I think that tsb_nph has got a point. It seems like model is wrong, and it should be changed. Also you should add load capacitance, because you phyisically have it.
In data-sheet - Fig3. it could be seen that beta depends on current Ic and Vce. For currents greater than 200-300mA beta can have significant drop, which is greater for smaller Vce.
Maybe you should try to lower the current Ic (i.e x1/2), and increase Rc (x2) to get higher current gain and to maintain same Vce voltage (4.5V).

 

[VSMVDD]

you need ic=0 on the collector

 

[PaulHolland]

Hi, Simulation can sometimes be completely noncense: if you make a current source of let say 1 Amp and you put a 1 M Ohm resistor parallel to the current source and accross you put a volt meter you will see: 1 Megavolts... WOW, why doing difficulr in a TV Set. make your simulated currentsource and you can create 25kV for a few cents ....

Paul.

 

[aryajur]

Hello Ahmed,
It puzzled me at first also.
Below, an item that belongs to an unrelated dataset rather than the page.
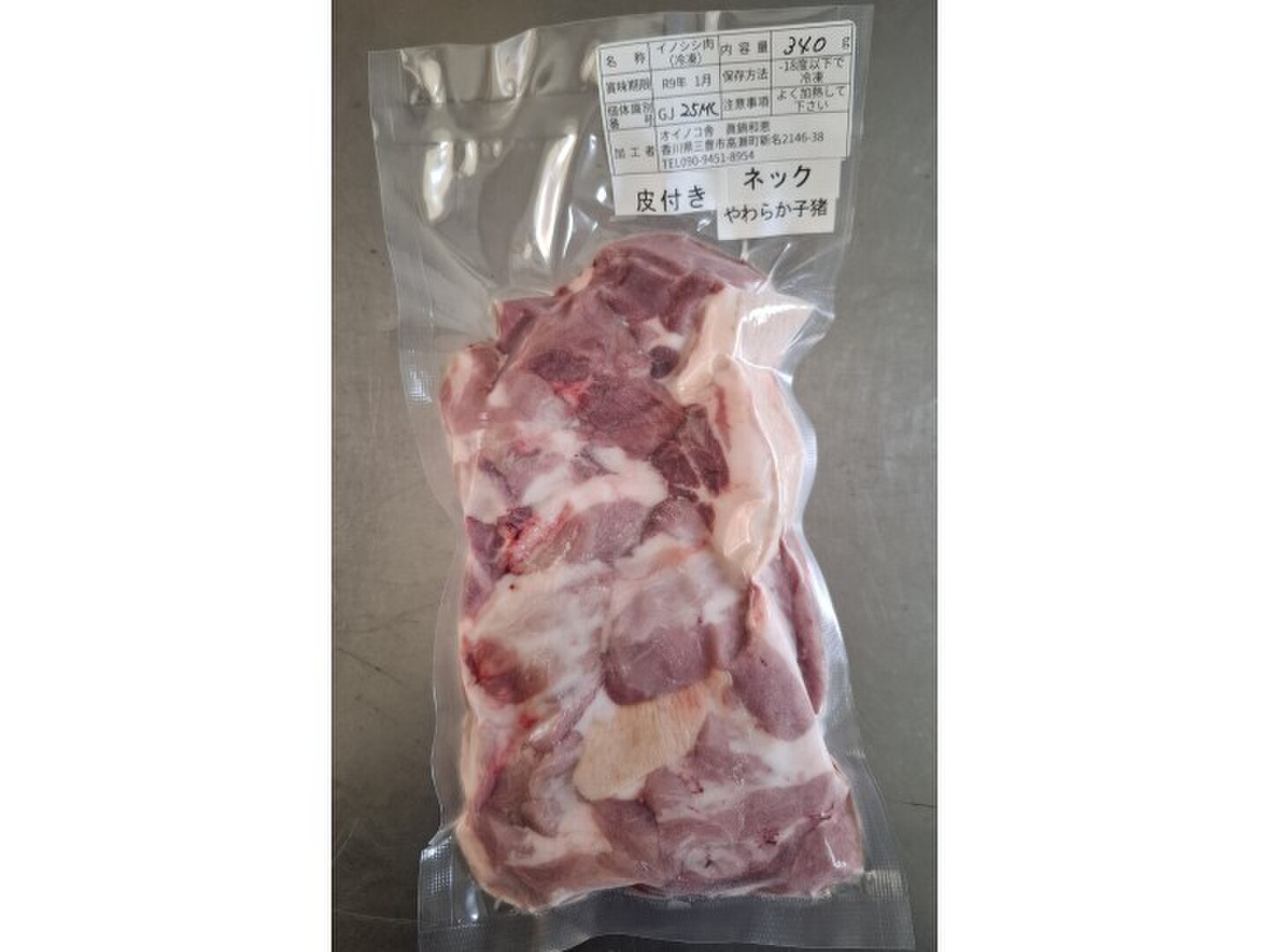 ジビエ やわらか仔イノシシ 【皮付き】 ネック ブツ切り 340g

I guess the following explanation will clear all points raised by others also:

1. The circuit has been biased in a self biasing scheme which is perfectly valid. The DC operating point is shown alongside the circuit and everything adds up there.
2. 120V is the AC answer given by the simulator for a input AC of 1V, ie. the small signal gain for the circuit is around 120, which also adds up if you calculate it using GM. RO
3. The pole positions as calculated by ahmed are also perfectly valid. Here is the calculation:
At the output R = 16||324 = 15.2
C ≈CBC = 5.76p
so f = 1/(2ΠRC) = 1.82GHz
At the base R = 5k||RPI = 5k||16.8 ≈16.8
C = (3.67n + 120*5.76p) = 4.36n (Miller effect)
so f = 1/(2ΠRC) = 2.17MHz

But the AC analysis shows only the output zero. Here it is not the issue of the model being valid or not since whatever the model is, whether representing reality or not, there is some model and according to that model we are not getting the answer we would expect. The plot should have showed a pole at 2MHz but it doesn't show it only shows one at 2GHz.
The reason is because at the input you are driving it directly from a source! So effectively the base capacitance is being charged through a zero resistance that is why the pole goes to f = ∞ and thus you won't see it in the simulation.
Hope this clears all the doubts

 

[moh2000]

By other words,
As long as the circuit is driven that way, the first pole does not exist. Because the capacitance at the base does see a very low impedance (voltage source).

 

[teteamigo]

To see a pole at f=2MHz choose a coupling capacitor with value lower than or equal to capacitance at Base node to ground.

 

[aryajur]

The input pole will be visible if the input driving source is a current source.